Ci sono molto altri temi nell'agenda comune, dal Mediterraneo, solcato dai barconi della disperazione, al Sahel, una regione teatro delle incursioni di terroristi di matrice islamica che non si riesce a contenere. C'è solo l'imbarazzo della scelta in un contesto sempre più destabilizzato e incerto: il Libano, sull'orlo del collasso, l'Egitto, con cui abbiamo relazioni avvelenate dal caso Regeni, la Libia, decisiva per il nostro approvvigionamento energetico ma scossa da lotte tribale interminabili. A Tripoli oggi atterrerà la premier Giorgia Meloni e la situazione del paese preoccupa i partner europei che devono fronteggiare l'influenza sempre più marcata della Turchia. In realtà, affermano i presenti al summit di Villa Madama, l'Ucraina è stata liquidata rapidamente perché era già tutto chiaro e gran parte del faccia a faccia fra Crosetto e Lecornu è stato dedicato proprio agli altri scenari di crisi. Italia e Francia provano a muoversi mettendo in comune idee e risorse: non a caso prosegue il lavoro, per creare una brigata comune, con esercitazioni congiunte sulle Alpi.
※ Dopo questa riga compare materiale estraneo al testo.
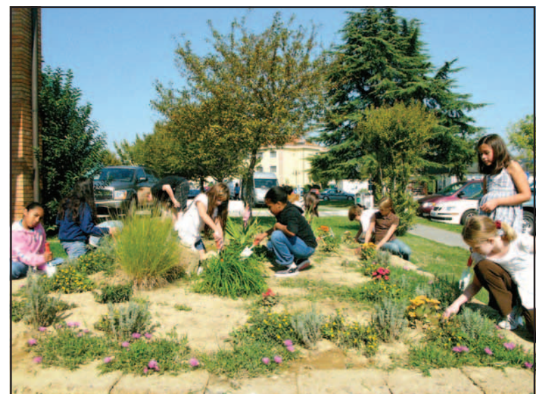
The Vicenza Elementary School got a bit of brightening up last week as the the Elementary School Garden Club used its skills in front of the school house. The garden club is composed of fifth and sixth graders interested in nature and gardening. They planted flowers and decorative grasses in a small area near the entrance of the elementary school.

Del resto mancano pochissimi giorni all'entrata nel vivo del Trattato del Quirinale, firmato da Draghi e Macron, e non sono in gioco solo belle parole, ma l'accelerazione di un processo di integrazione sempre più forte ed esteso. Insomma, Macron e Meloni hanno litigato sulla spinosa questione dei migranti e sull'eterna querelle della redistribuzione dei profughi, ma i due paesi marciano compatti, sempre più allineati in un contesto che assomiglia sempre più a un vulcano. E dove, esaminate tutte le crisi si finisce sempre per puntare i riflettori sul disastro ucraino. Come fa Crosetto, in margine a un convegno: «Sto vivendo questo periodo con grande difficoltà personale, sono visto come quello delle armi, quello che vuole la guerra. Secondo me la III guerra mondiale inizierebbe nel momento in cui i carri armati russi arrivassero a Kiev e ai confini dell'Unione Europea.
Qualsiasi incidente o evento casuale potrebbe dare luogo a un'escalation che non sarebbe più soltanto la guerra in Ucraina». «Impedire che questo accada è l'unico modo per fermare la III guerra mondiale e chi dice qualcosa di diverso non conosce la realtà». La linea non cambia, ma questa volta Roma e Parigi sono più vicine.